I don’t see any recently failed instances by the app causing the timeouts, the only odd thing that it’s not running an instance in iad anymore but two in yyz instead.

Instances
ID      	PROCESS	VERSION	REGION	DESIRED	STATUS 	HEALTH CHECKS     	RESTARTS	CREATED
06a622a0	app    	261    	ewr   	run    	running	1 total, 1 passing	0       	2022-10-09T17:19:35Z
40aa2108	app    	261    	yyz   	run    	running	1 total, 1 passing	0       	2022-10-03T04:53:43Z
33177a4f	app    	261    	iad   	stop   	failed 	1 total, 1 passing	0       	2022-09-30T10:41:53Z
65f2c680	app    	261    	yyz   	run    	running	1 total, 1 passing	0       	2022-09-30T10:40:55Z

There are as well no logs indicating that the app instances are unhealthy.

Same on nginx side:

Instances
ID      	PROCESS	VERSION	REGION	DESIRED	STATUS  	HEALTH CHECKS     	RESTARTS	CREATED
22468dbb	app    	32 ⇡   	yyz   	run    	running 	1 total, 1 passing	0       	32m42s ago
4f19a8e1	app    	32 ⇡   	iad   	run    	running 	1 total, 1 passing	0       	33m4s ago
3dd9e2c4	app    	32 ⇡   	ewr   	run    	running 	1 total, 1 passing	0       	33m4s ago
700f9f62	app    	31     	yyz   	stop   	complete	1 total, 1 passing	0       	22h7m ago
0da81b6b	app    	31     	iad   	stop   	complete	1 total, 1 passing	0       	22h7m ago
37329f29	app    	31     	ewr   	stop   	complete	1 total, 1 passing	0       	22h7m ago

I scaled back to 1 instance for all applications and that resolved the issue.

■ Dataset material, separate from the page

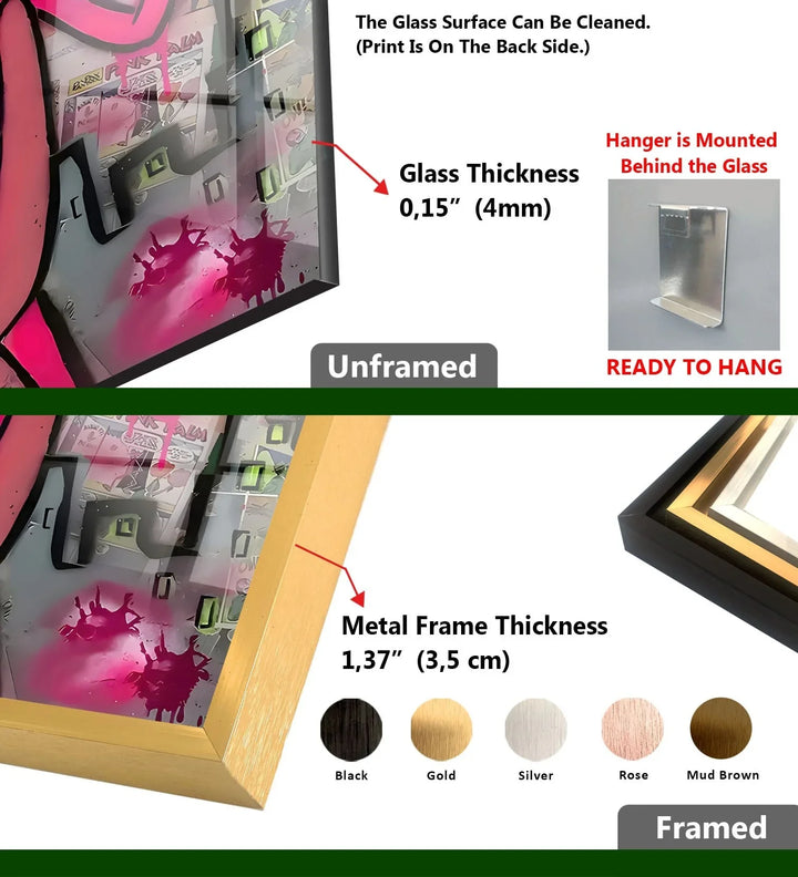 Add a bold and playful touch to your space with the Vibrant Pink Street Art Animation Glass Wall Art. Featuring the iconic Vibrant Pink Street Art character spray-painting over a collage of vibrant comic scenes, this piece bursts with rebellious energy and nostalgic charm. The colorful graffiti-inspired design paired with high-definition glass printing creates a striking, modern centerpiece that's perfect for urban lofts, creative studios, and trendy interiors. Let this cheeky artwork bring humor, creativity, and color into your home or office!

Now I scaled back to 3 instances and it’s happening again.

The only application that I can run with 3 or more instances seem to be the nginx proxy. But as soon as I scale any of the application instances past 1 I get timeout issues.

Not sure why restarting the applications would not reset the connections but I don’t know enough about how internal networking works at fly to tell what’s going on. I don’t understand either why this first started to happen when I was deploying an unrelated app.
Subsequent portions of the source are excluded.